■ Provided data:
◇ ◇ ◇ ◇
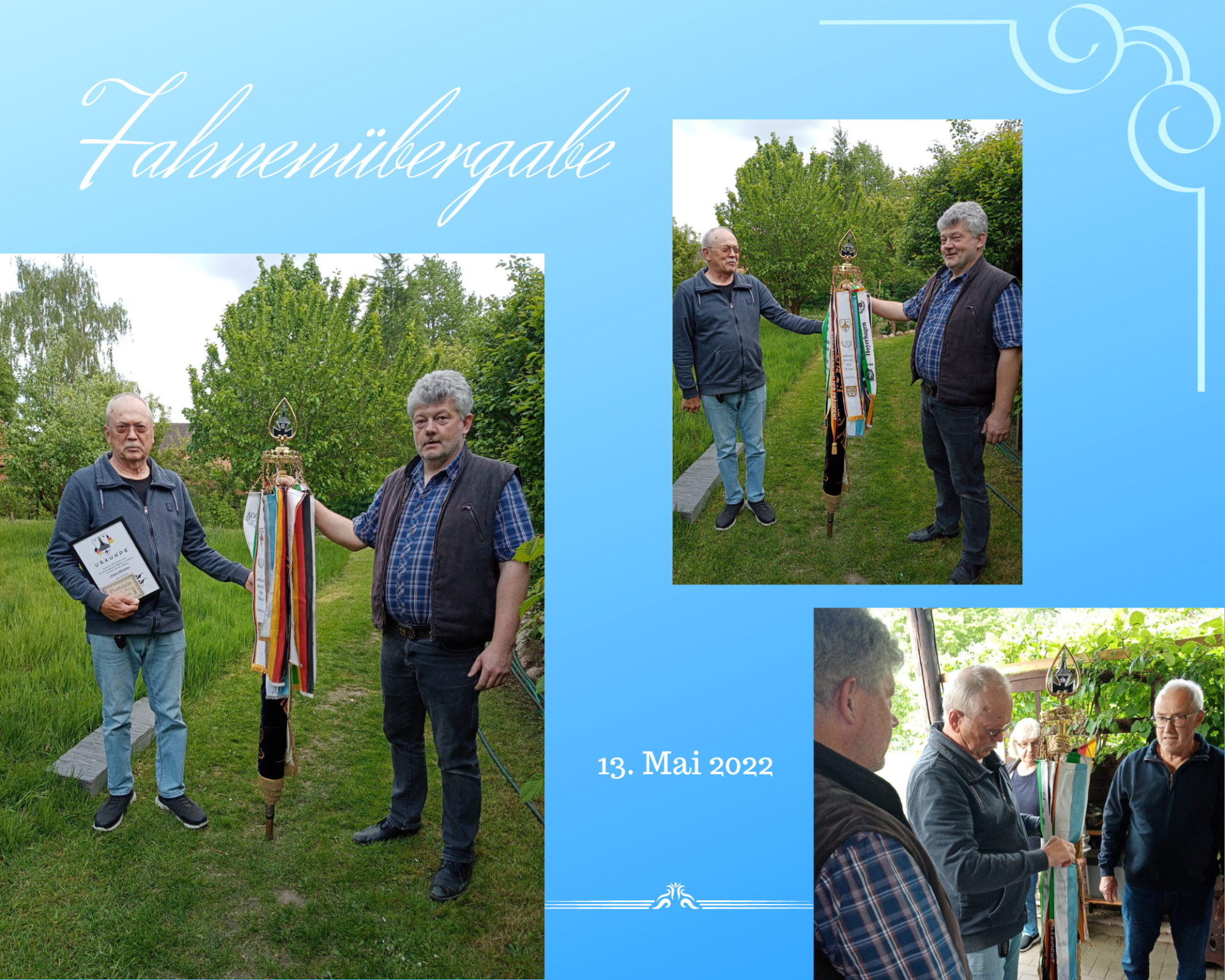 Wie schon berichtet, hat Jürgen Nörmann auf eigenen Wunsch das Amt des Fahnenträgers abgegeben. Am 13.Mai 2022 überreichte er die Fahne feierlich seinem Nachfolger Jens Klußmeyer. Wir bedanken uns bei Jürgen und wünschen Jens alles Gute für seinen neuen Posten.
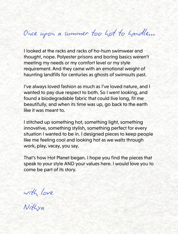 Being an eco-warrior doesn’t mean compromising on style, hun. We pair traditional cuts with saucy prints, edgy silhouettes with modern ease, and trend-forward details with a conscience. Every design is a fusion of style and story, crafted to reflect who you are and how you want to feel.
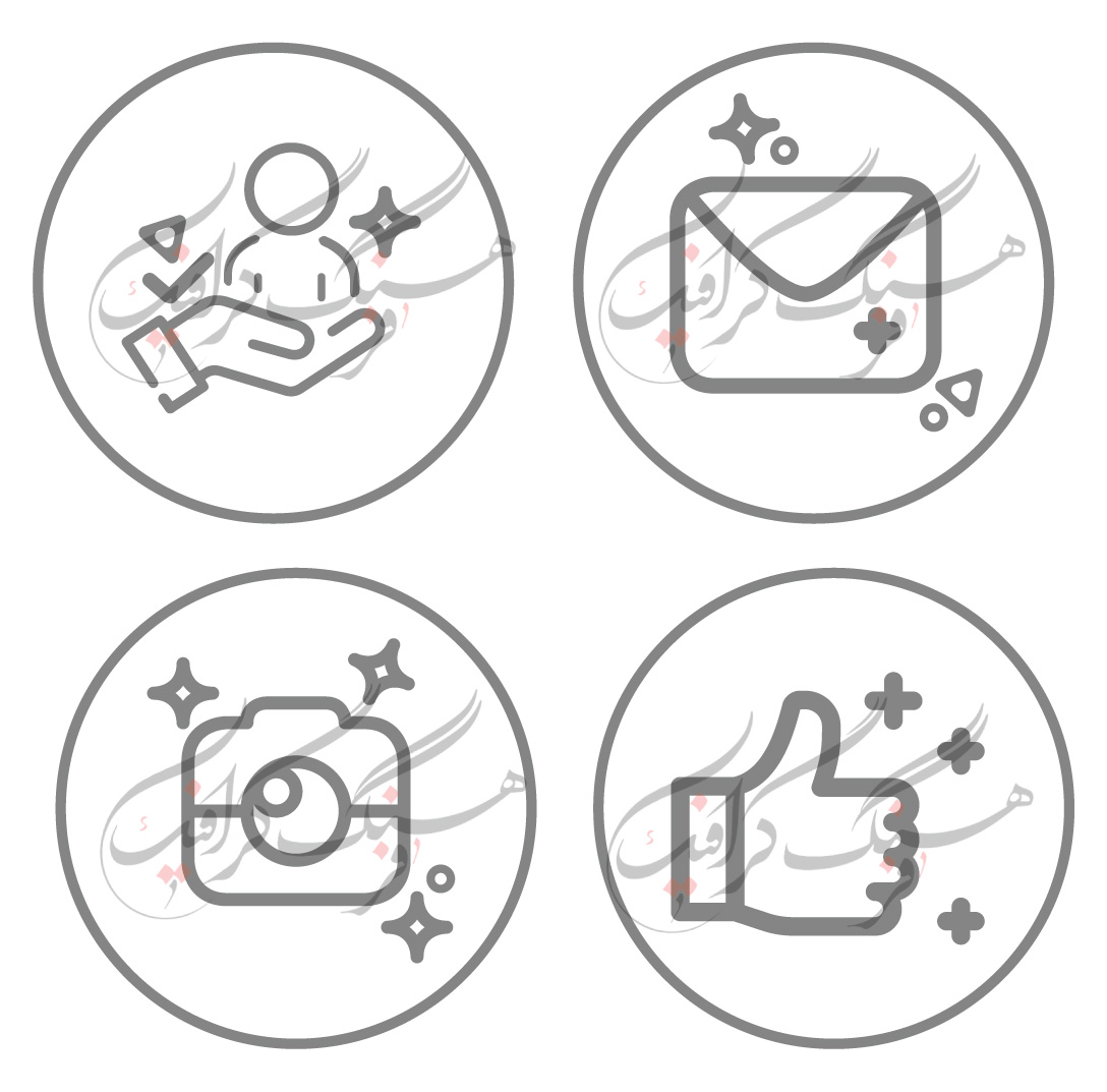 دانلود 4 آیکن خطی کسب و کاری با موضوع مشتری مداری ارتباط با مشتری لایک و دوربین
◇ ◇ ◇ ◇
■ Task to carry out: Leave the pictures out and output the rest of the listing exactly.

■ Response area:
 Wie schon berichtet, hat Jürgen Nörmann auf eigenen Wunsch das Amt des Fahnenträgers abgegeben. Am 13.Mai 2022 überreichte er die Fahne feierlich seinem Nachfolger Jens Klußmeyer. Wir bedanken uns bei Jürgen und wünschen Jens alles Gute für seinen neuen Posten.
 Being an eco-warrior doesn’t mean compromising on style, hun. We pair traditional cuts with saucy prints, edgy silhouettes with modern ease, and trend-forward details with a conscience. Every design is a fusion of style and story, crafted to reflect who you are and how you want to feel.
 دانلود 4 آیکن خطی کسب و کاری با موضوع مشتری مداری ارتباط با مشتری لایک و دوربین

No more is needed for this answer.